Willis & Co. is a piano manufacturer, formerly founded in 1884  by Alexander Parker Willis and based in Landshut, Bavaria, Germany. A retailer of Willis & Co. in Canada was sold by the Willis family in 1967, and went out of business in 1979. The global branch was merged with the Landshut Willis company in Germany.

History 
In 1884, a retailer of Willis & Co. was established in Quebec, Montreal by Alexander Parker Willis.

In 1900, Willis & Co. acquired the major shares of the Lesage & Fils piano factory.

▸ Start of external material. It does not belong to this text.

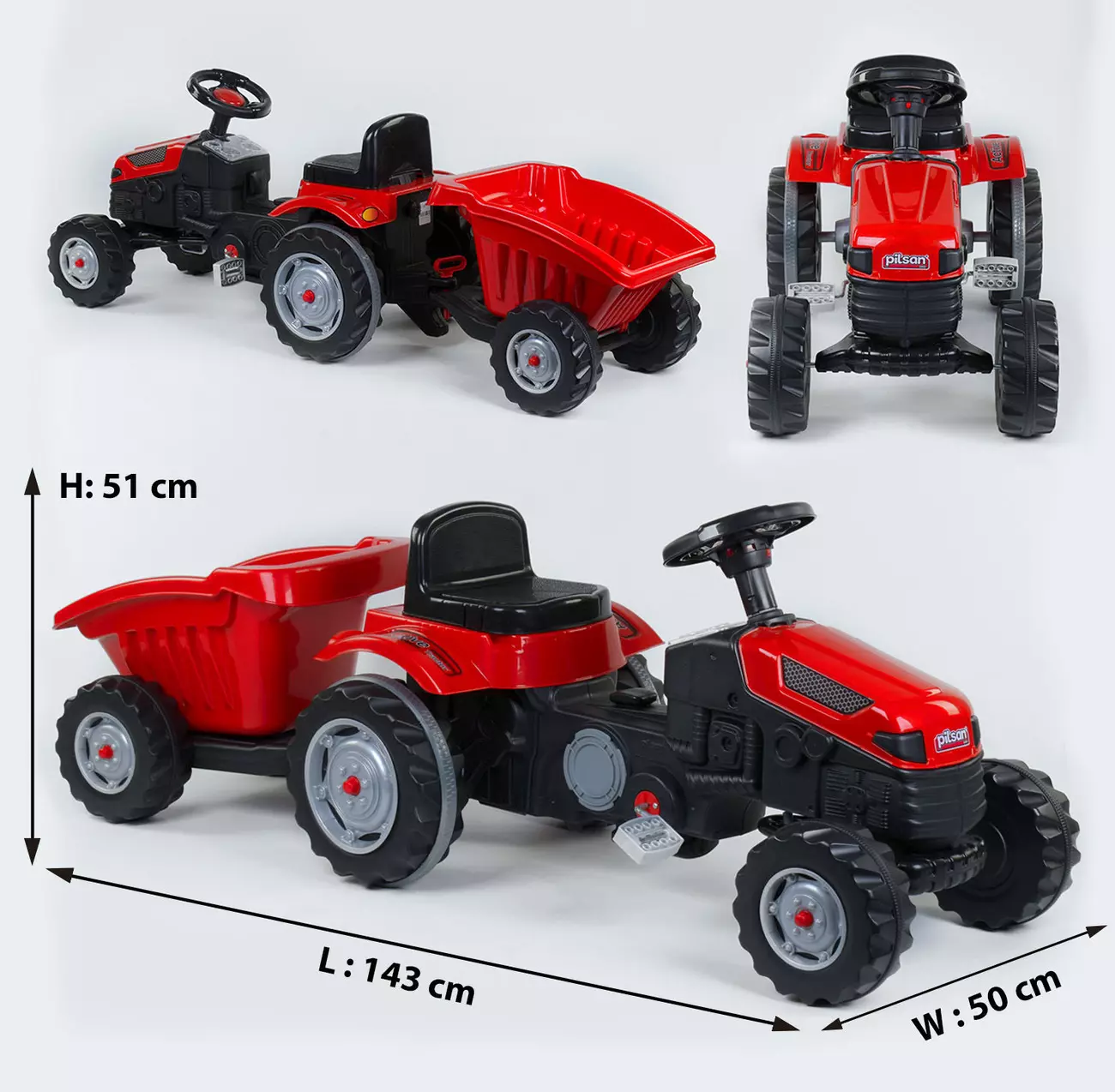 Веломобіль - Трактор - це поєднання Толокар і велосипеда. Дитина може крутити педалі і управляти трактором за допомогою керма. Трактор оснащений комфортним сидінням, яке має унікальне кріплення з 6-ма позиціями регулювання. Ланцюговий привід забезпечує зручність і плавність під час катання. Кермо машинки оснащений клаксоном. У комплекті з трактором йде причіп в такому ж кольорі, як і сам трактор. Комплектуючі веломобіля виготовлені з екологічних матеріалів, які не викликають алергію, не мають запаху і повністю безпечні для здоров'я дитини. Характеристики: Діаметр коліс: передні - 23 см, задні - 30 см. Тип сидіння - регульоване. Тип приводу - ланцюгової. Максимальне навантаження - 50 кг. Вага Нетто: 8 кг Маса Брутто: 9,5 кг

In 1907, Willis & Co. purchased controlling interest in the Lesage Piano Company and the firm started producing “Willis & Company” brand pianos full time.

In 1910, at its peak, Willis & Co. made close to 3000 pianos each year.

In 1967, the Canadian retailer was vended by the Willis family, and the global branch was merged with the Landshut Willis company in Germany.

On August 30, 1976, brand Willis (registered number:DE948592) was approved by German Patent and Trade Mark Office.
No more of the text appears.